DIRECTIONS =>
The full listing is to be returned exactly as given, but without pictures.
*** SUPPLIED MATERIAL ***
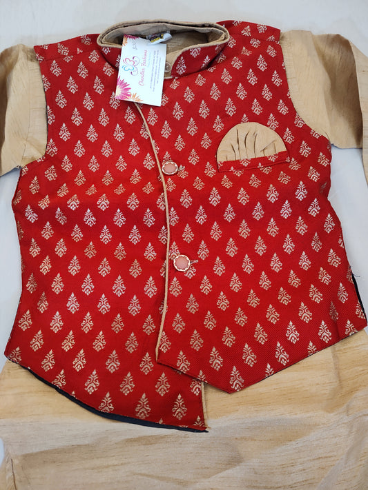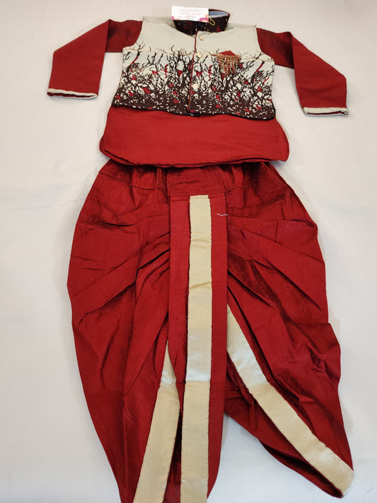 Trendy Boys Red Color Silk Cotton Kurta Pajama Pant And Dhoti Style Pant
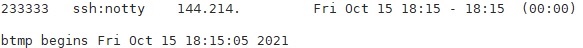 SSH的配置文件在/etc/ssh/sshd_config中,是一个纯文本文件,可以使用nano或者vim打开和编辑。打开文件后,在前几行就能看到#Port 22字样,这个代表使用了默认的22端口作为SSH连接使用。因为大家都在使用22端口,所以会有一些扫描机器使用弱密码不断尝试登录,使用lastb命令可以查看登录失败的记录,如下图。233333是尝试登录的账号,144.214.xxx.xxx是发起者的IP,最后面是尝试登录的时间。
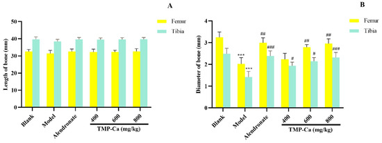 Effect of TMP-Ca chelates on the length (A) and diameter (B) of the femur and tibia in the retinoic acid-induced rats. All the values are means ± SD (n = 8). *** p < 0.001 vs. blank group; # p < 0.05, ## p < 0.01, and ### p < 0.001 vs. model group.
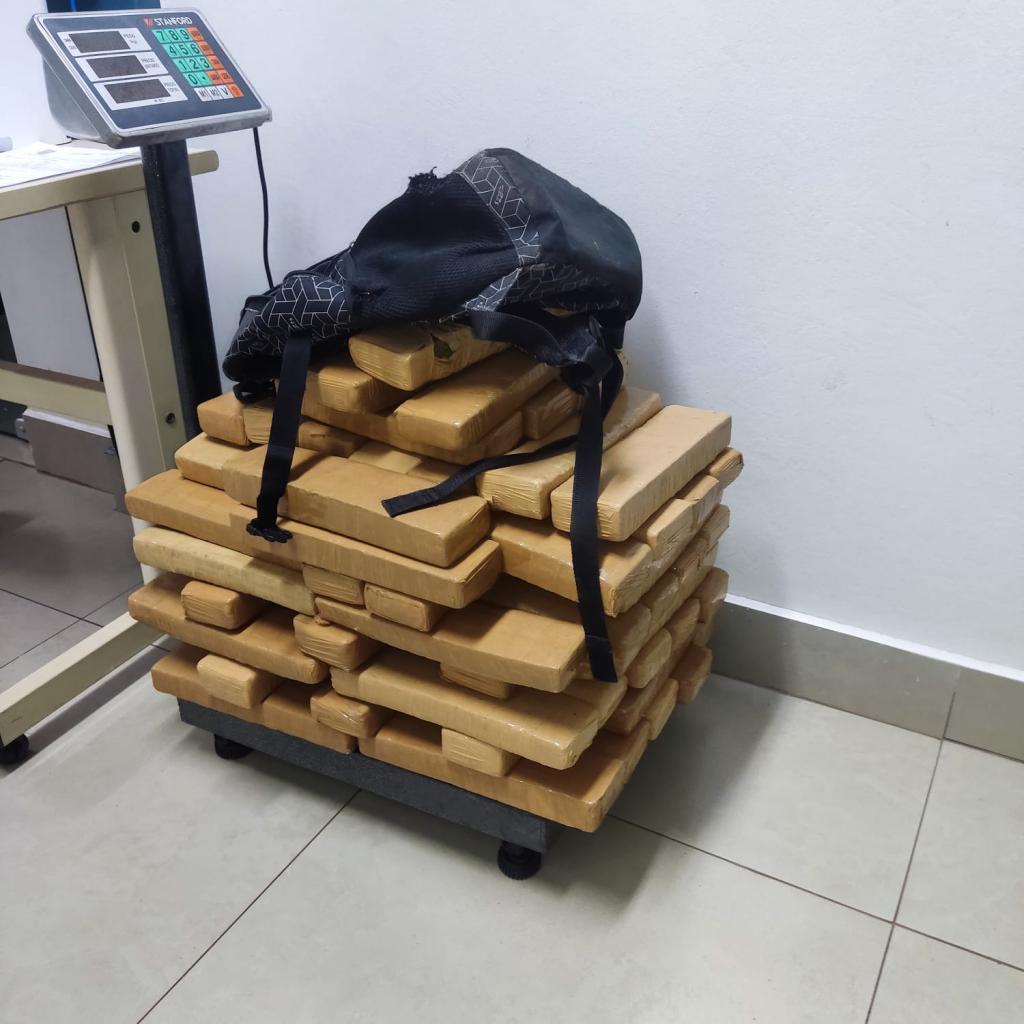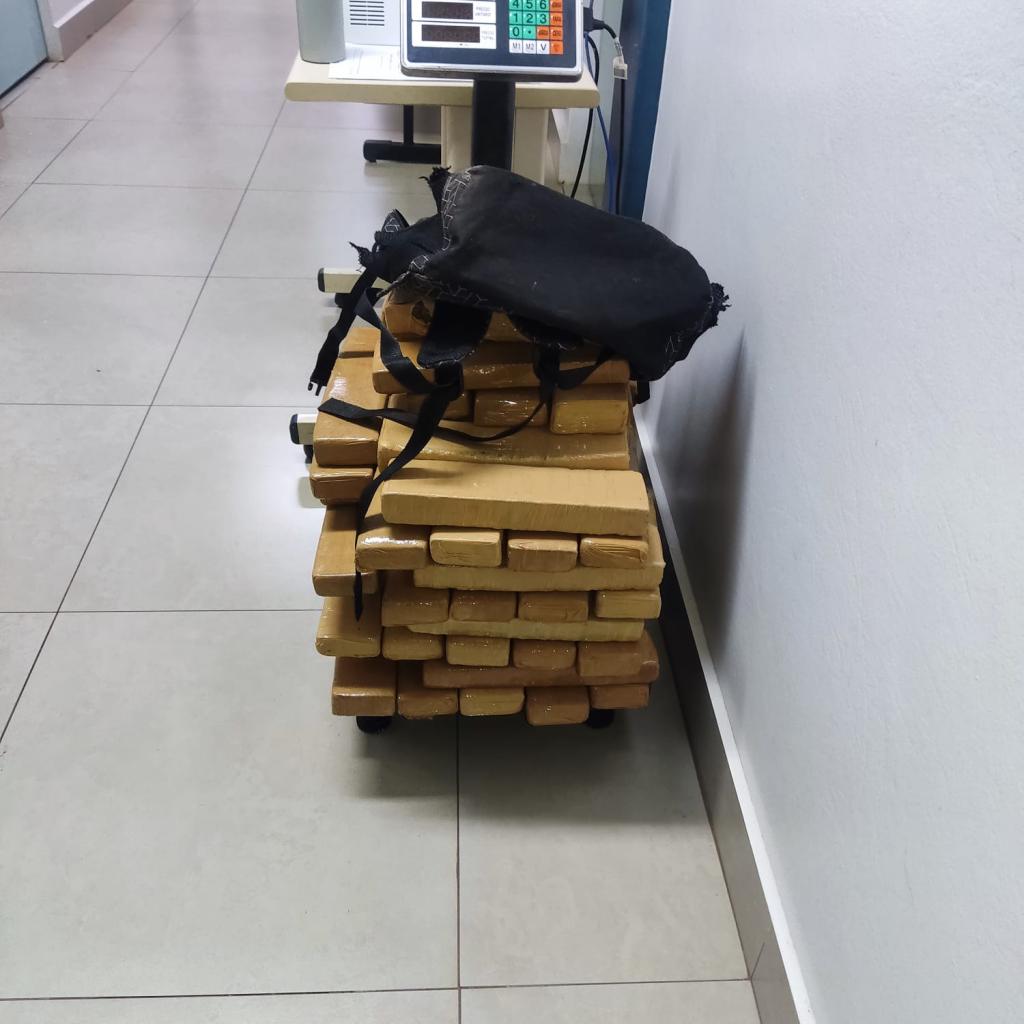 Na vistoria do carro, os policiais encontraram 75 tabletes de maconha no porta-malas, sendo 17 acondicionados em uma mochila e 58 escondidos dentro de uma caixa de som. A carga totalizou 57,150 kg da droga.
*** End of SUPPLIED MATERIAL ***
YOUR SOLUTION =>
 Trendy Boys Red Color Silk Cotton Kurta Pajama Pant And Dhoti Style Pant
 SSH的配置文件在/etc/ssh/sshd_config中,是一个纯文本文件,可以使用nano或者vim打开和编辑。打开文件后,在前几行就能看到#Port 22字样,这个代表使用了默认的22端口作为SSH连接使用。因为大家都在使用22端口,所以会有一些扫描机器使用弱密码不断尝试登录,使用lastb命令可以查看登录失败的记录,如下图。233333是尝试登录的账号,144.214.xxx.xxx是发起者的IP,最后面是尝试登录的时间。
 Effect of TMP-Ca chelates on the length (A) and diameter (B) of the femur and tibia in the retinoic acid-induced rats. All the values are means ± SD (n = 8). *** p < 0.001 vs. blank group; # p < 0.05, ## p < 0.01, and ### p < 0.001 vs. model group.
 Na vistoria do carro, os policiais encontraram 75 tabletes de maconha no porta-malas, sendo 17 acondicionados em uma mochila e 58 escondidos dentro de uma caixa de som. A carga totalizou 57,150 kg da droga.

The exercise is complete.